I may be able to help you, check your private messages (PMs).


----------



## snowshovel (May 20, 2013)

sorry for your loss. 

We recently got a puppy from von den brookfields, a breeder in mass. Very happy with the puppy (6 months) so far. You may give it a try. Except the looking (not DDR), the puppy may have everything else you want...brave, calm, smart, medium drive, healthy (so far)...and based on comments from my vet, trainer, neighbors, friends, ... good-looking.


----------



## lauren43 (Jun 14, 2014)

JakodaCD OA said:


> you could also talk to noblecraft canine she is in Canterbury. She may be able to direct you to someone , not sure if she has puppies available



That's where I'm getting my girl from! Def ask Jennifer. Though I know her dogs are more high drive, but she may be able to point you in the right direction.
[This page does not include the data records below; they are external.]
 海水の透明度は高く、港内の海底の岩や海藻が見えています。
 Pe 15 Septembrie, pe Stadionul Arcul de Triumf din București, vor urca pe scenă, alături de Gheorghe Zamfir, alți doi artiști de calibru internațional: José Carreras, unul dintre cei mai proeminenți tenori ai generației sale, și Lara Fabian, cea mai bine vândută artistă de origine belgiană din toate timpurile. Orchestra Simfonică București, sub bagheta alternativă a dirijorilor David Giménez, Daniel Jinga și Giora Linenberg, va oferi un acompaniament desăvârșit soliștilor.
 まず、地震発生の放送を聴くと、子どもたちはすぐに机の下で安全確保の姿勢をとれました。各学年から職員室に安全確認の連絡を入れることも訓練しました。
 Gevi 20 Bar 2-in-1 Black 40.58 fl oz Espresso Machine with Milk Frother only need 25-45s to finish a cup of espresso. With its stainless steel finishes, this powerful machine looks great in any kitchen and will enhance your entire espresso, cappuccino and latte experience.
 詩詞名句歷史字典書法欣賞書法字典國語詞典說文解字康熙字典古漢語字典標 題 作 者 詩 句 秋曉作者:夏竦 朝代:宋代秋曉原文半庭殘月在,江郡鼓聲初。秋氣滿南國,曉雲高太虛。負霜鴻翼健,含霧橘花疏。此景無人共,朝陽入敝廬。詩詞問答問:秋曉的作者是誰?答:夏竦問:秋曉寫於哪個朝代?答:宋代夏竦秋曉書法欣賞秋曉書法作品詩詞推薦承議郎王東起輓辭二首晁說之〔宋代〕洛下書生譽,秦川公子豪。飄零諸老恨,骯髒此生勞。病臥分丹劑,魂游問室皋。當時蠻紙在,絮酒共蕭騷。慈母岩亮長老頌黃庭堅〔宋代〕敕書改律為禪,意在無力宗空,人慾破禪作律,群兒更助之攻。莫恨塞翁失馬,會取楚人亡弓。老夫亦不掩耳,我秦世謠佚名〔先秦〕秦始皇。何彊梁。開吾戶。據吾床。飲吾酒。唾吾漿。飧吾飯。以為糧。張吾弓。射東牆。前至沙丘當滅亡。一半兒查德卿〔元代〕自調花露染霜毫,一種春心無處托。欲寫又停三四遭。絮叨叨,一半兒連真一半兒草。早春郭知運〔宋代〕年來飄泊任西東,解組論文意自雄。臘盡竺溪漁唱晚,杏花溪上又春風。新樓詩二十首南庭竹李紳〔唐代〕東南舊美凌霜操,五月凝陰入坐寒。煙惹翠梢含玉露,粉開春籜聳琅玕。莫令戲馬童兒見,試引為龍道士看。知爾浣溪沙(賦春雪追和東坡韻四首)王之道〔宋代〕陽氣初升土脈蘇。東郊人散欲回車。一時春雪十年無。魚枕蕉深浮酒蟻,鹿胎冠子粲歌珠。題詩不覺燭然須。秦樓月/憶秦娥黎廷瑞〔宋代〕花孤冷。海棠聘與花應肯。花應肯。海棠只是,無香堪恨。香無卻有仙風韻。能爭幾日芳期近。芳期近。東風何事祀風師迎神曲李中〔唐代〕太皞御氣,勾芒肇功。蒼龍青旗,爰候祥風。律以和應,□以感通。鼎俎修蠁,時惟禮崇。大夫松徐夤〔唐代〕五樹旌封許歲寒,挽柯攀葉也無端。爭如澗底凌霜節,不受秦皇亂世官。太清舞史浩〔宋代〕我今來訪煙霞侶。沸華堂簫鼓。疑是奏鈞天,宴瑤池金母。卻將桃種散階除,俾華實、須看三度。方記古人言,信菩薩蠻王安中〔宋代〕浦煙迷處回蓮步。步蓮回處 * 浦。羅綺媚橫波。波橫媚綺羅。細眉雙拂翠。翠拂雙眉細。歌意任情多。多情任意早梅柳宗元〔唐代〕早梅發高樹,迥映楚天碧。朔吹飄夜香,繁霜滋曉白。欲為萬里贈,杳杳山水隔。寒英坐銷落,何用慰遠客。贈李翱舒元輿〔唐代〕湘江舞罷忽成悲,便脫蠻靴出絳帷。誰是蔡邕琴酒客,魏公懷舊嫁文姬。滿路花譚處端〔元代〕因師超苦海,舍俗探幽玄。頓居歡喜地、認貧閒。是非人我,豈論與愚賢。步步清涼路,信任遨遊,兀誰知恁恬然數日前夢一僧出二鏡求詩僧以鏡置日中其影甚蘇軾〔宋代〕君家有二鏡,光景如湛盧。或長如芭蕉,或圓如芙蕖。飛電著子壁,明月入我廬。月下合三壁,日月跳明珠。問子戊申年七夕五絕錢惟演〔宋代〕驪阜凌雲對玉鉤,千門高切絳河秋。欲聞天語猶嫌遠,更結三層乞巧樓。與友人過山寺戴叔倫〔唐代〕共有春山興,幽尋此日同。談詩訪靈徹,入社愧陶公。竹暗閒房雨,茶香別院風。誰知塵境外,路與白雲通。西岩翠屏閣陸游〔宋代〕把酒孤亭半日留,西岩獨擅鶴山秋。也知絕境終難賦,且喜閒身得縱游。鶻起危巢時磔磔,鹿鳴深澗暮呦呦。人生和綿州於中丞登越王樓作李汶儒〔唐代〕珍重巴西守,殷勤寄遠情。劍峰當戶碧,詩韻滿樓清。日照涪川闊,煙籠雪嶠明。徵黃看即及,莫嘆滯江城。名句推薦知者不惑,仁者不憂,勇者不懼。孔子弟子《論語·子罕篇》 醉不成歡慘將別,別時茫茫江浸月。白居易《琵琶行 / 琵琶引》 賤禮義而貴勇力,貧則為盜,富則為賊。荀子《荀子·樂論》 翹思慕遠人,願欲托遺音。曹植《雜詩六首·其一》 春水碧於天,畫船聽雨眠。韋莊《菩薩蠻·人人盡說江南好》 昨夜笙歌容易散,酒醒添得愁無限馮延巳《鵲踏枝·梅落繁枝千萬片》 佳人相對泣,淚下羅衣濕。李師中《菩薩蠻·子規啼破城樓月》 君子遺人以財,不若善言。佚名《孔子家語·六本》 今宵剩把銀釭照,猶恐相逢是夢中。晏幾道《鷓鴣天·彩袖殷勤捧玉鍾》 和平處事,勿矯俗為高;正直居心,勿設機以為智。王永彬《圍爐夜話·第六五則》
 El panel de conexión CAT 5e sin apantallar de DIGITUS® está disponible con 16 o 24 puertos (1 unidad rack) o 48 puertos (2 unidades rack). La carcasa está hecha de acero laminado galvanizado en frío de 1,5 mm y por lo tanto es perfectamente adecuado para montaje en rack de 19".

Sent from Petguide.com Free App


----------



## piebald07 (Jun 10, 2014)

I am definitely looking into all the breeders that have been suggested and I appreciate everyone's replies. Thank you all very much. 
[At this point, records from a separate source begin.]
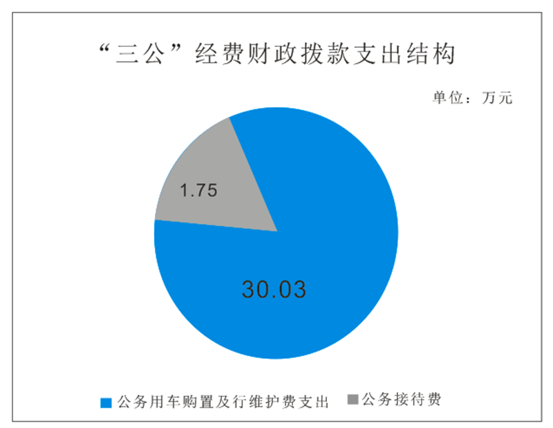 2021年“三公”经费财政拨款支出决算中,因公出国(境)费支出决算0万元,年初未安排预算;公务用车购置及运行维护费支出决算30.03万元,占94%;公务接待费支出决算1.75万元,占6%。具体情况如下: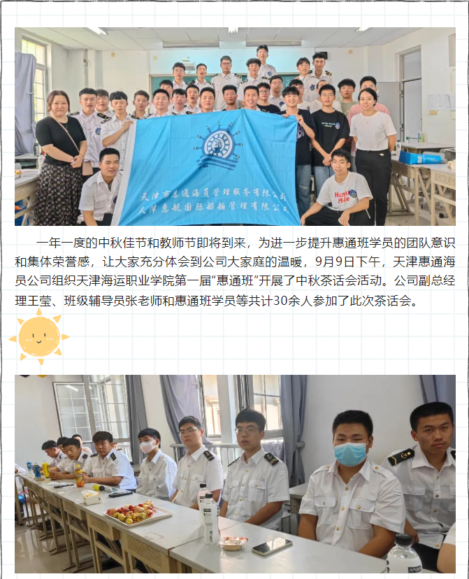 天津海運(yùn)職業(yè)學(xué)院“惠通班”中秋聯(lián)誼暨教師節(jié)慶?;顒?dòng)紀(jì)實(shí) 時(shí)間:2022-09-13 點(diǎn)擊:1775次 上一篇:公司開展“喜迎二十大,共慶祖國(guó)73周年華誕”主題活動(dòng) 下一篇:天津惠航國(guó)際船舶管理有限公司順利通過天津海事局初次審核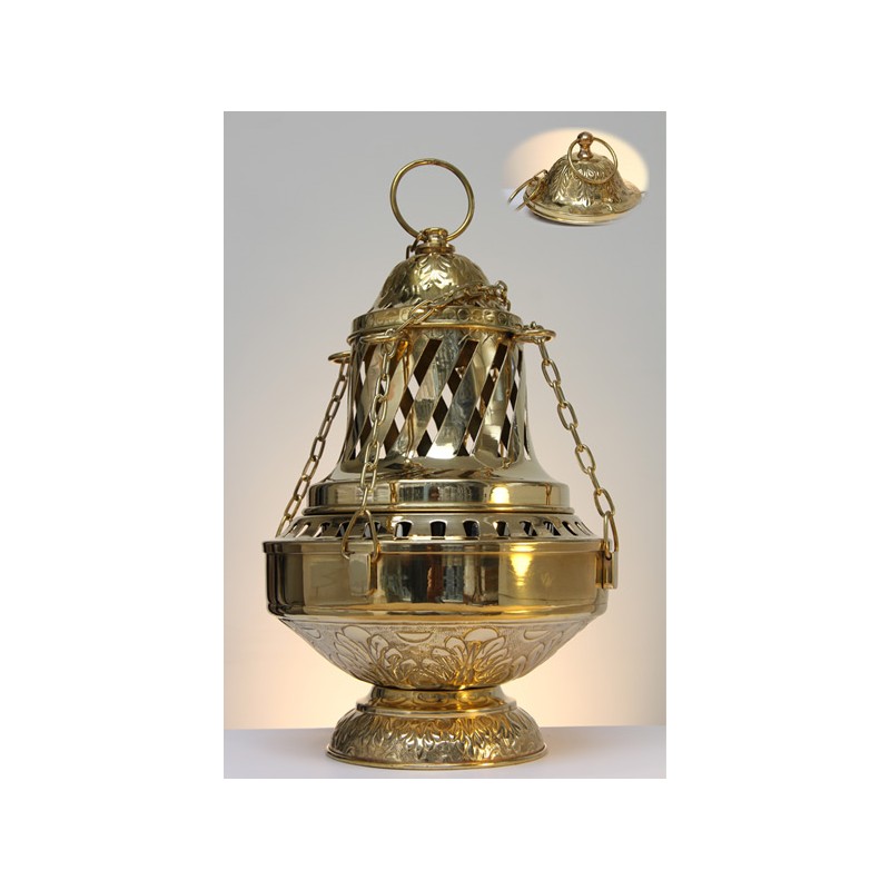 Zeer grote wierookvat voor de mis, met de hand bewerkt, zeer mooi afgewerkt, met een groot volume.

I have a notebook full of notes. 

Thank you all again, I am hopeful that we will find the perfect match for our family soon.


----------



## John C. (Mar 6, 2013)

Hi, I was exactly in the same position you are about 6 months ago and got a lot of the same recommendations you have for working line puppies. I visited Abby Kennels, and met the owner and several of his dogs, all of which I was impressed with. However, you do need to understand that these are real working dogs that are likely to have pretty high drives and a need for some outlet for those drives. Although there's going to be a certain degree of variability within any litter, even the more mellow may have higher drives that you're used to and may view your other pets as squeeky toys.

I also spoke with the owners of von Hena C and Ryan Haus and was very impressed with both. Both seemed to be very focused on health and temperment and I think they will work hard to match you up with a puppy that is a good fit for your family. However, as I remember, puppies from these breeders tend to go fast, so if you are interested you may have to wait a while for your pup.

Finally, let me add one more kennel to your list, Kavallarie. I was very impressed with the breeder and think she has some great dogs. However, although I have spoken with the owner at length, I have not visited her kennel or met her dogs. They may also be a good distance from where you are, as they are in northern Vermont.

Eventually I went in another direction and got a puppy from West German Show lines, who I've had for about a month and am very happy with. But if you're looking for WGSL, that's a whole other conversation.


----------



## HuskyMal89 (May 19, 2013)

I currently have a male who is still a puppy (5 months)....from timberridge farm in Saco, ME. The breeder is active in IPO and knows her stuff. She does only have Czech line dogs but they are great dogs to be around...very social and confident. All her dogs work or have done IPO work and have been HD/ED cleared. Allergies are a crap shoot but I can say that so far my male has had no problems and is very quick to learn and eager to please. Most of her pups get placed with pet homes and from what I understand do very well....especially in the lifestyle you described as yours. I will attach a photo of him for you to take a look at..good luck in your search! You could also broaden your horizons as well if you wanted...a lot of great breeders in NA with DDR dogs but not too many in New England that I know of...haven't looked hard though....


----------